ICON: MOTHERSHIP CONNECTION (Milestone/DC)
Written by Dwayne McDuffie, drawn by M.D. Bright, CrissCross, John Paul Leon, Francesco Velasco, Robert Walker and Jeffrey Moore
Collects Icon #13, 19-22
Speaking of strange collections, I’m not sure why DC didn’t continue on with the regular Icon collection. I’m guessing it has something to do with the eventual DC/Milestone crossover called World’s Collide. Anyway, #13 is included to introduce a character called Buck Wild who is essentially 70s era Luke Cage complete with yellow costume and awful catchphrases. He becomes an important part of the story later on when Icon–an alien who crash landed on Earth before the Civil War–returns to his home planet and Buck takes over for him. Even though this book doesn’t collect the first issues, you get a full origin story for both Icon and his sidekick and mother-to-be Rocket. Even though Icon is clearly the Superman analog for the Milestone Universe, I liked that the book had plenty of departures. Icon was trapped here, he got married, his wife died, he’s experienced many facets of American history and had essentially called it quits until Rocket came into his life and told him he could do some real good. But, that never stopped him from wanting to return to his home planet. The only problem there is that he had been replaced, quite literally, and his people started a trial to see whether Earth was too dangerous to exist.

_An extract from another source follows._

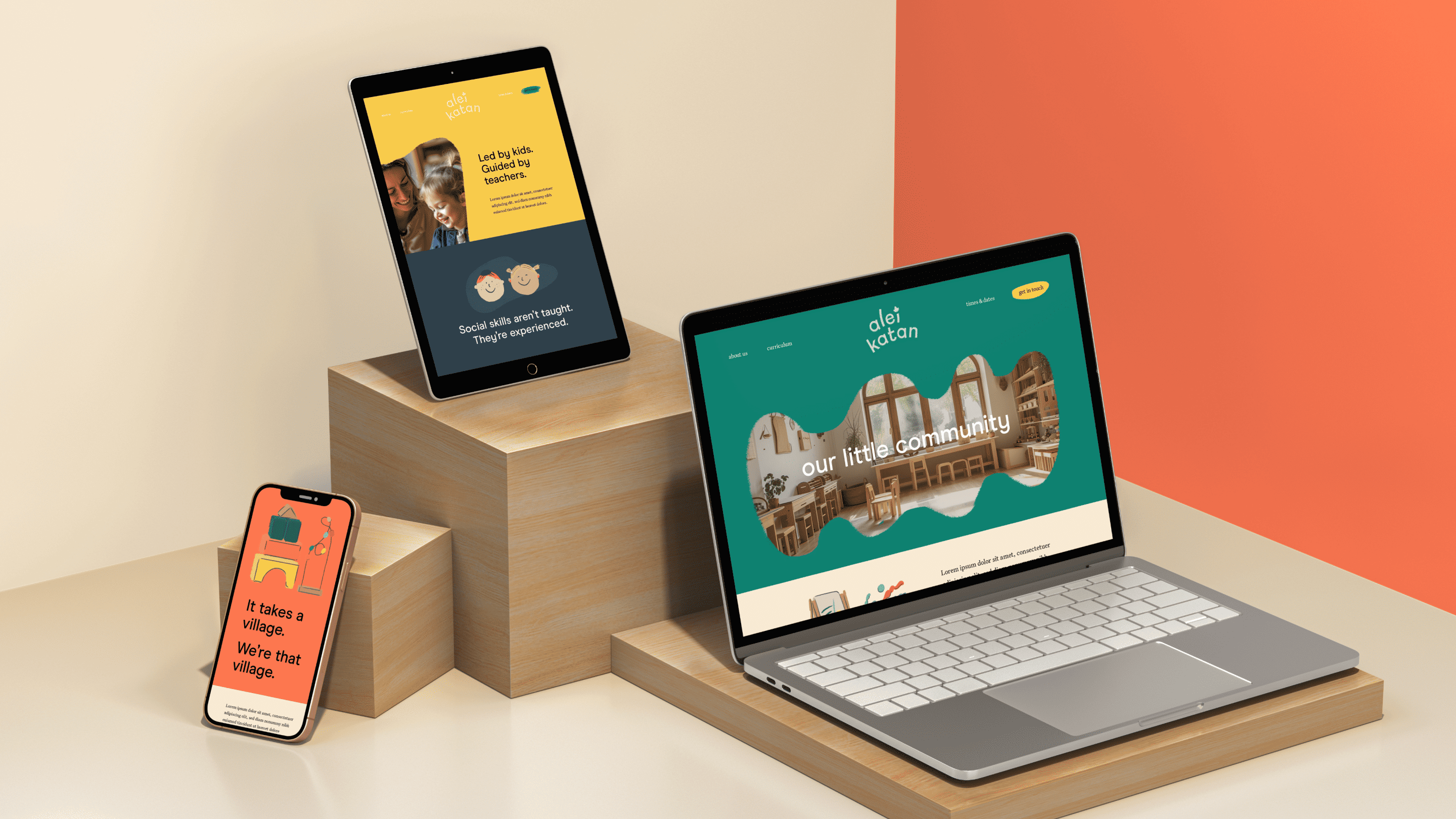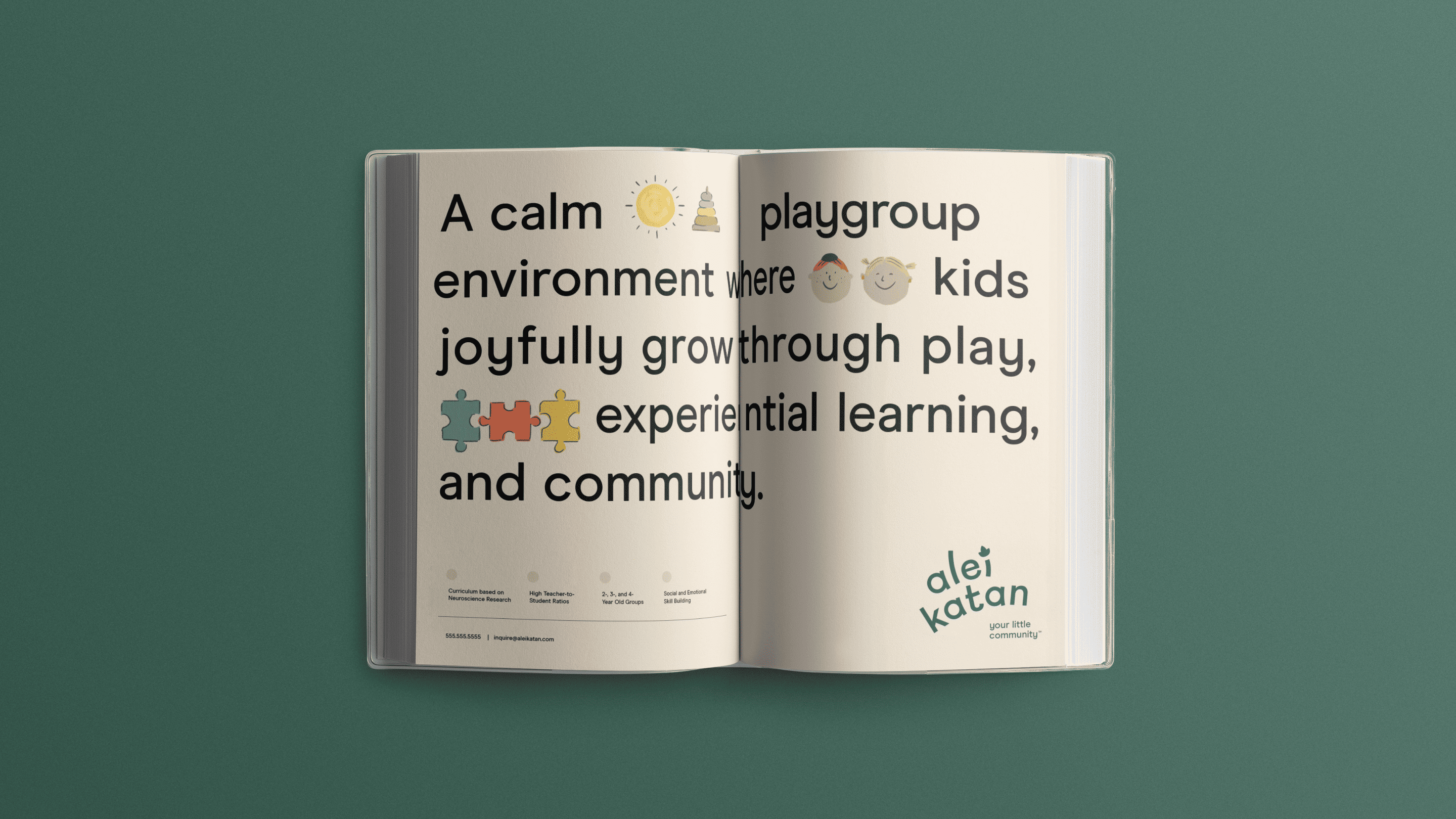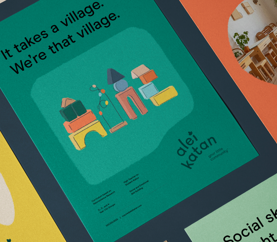 Early childhood is more than just learning letters. Alei Katan is all about the power of community and connecting with peers, so we put it right in their tagline: Your little community. Throughout the visual identity, beautiful touches of warmth, from the vibrant colors to the custom hand-drawn illustrations, bring that coziness to life.

We don’t get a lot of closure to that storyline as Icon has to return to Earth to fight a foe who had made his way to Earth.The volume also contains some big secrets revealed about what caused the Big Bang with appearances by even more heroes and villains from the Milestone U, so you continue to get that larger-universe feel.
With all the unique elements being used in the book and the somewhat serious tone (Rocket is dealing with being a single mother for a good chunk of the book) the character of Buck Wild really puts a damper on the proceedings for me. I get what they’re trying to do with the character, comparing him to other black superheroes in comics, but he’s just so damn annoying and over the top that he’s hard to take seriously. Plus, I really hate when characters are so obviously based on another company’s characters. It’s either lazy or taking pointless potshots, neither of which I’m interested in. SPOILER Buck dies in the book, trying to take on Icon’s enemy. It’s actually a pretty sad and heroic moment which is completely ruined by the funeral issue (#22) which is a series of lame references to other comic book characters and old time radio (they go a pretty long way for a few Amos and Andy references that modern audiences probably didn’t get). I’m still full in support of the Milestone U, further collections and the continuation of these characters stories, but hopefully they’ll make sense and not be jammed into books that can barely hold my attention as it is anymore (yeah, I’m looking at you JLoA and Teen Titans).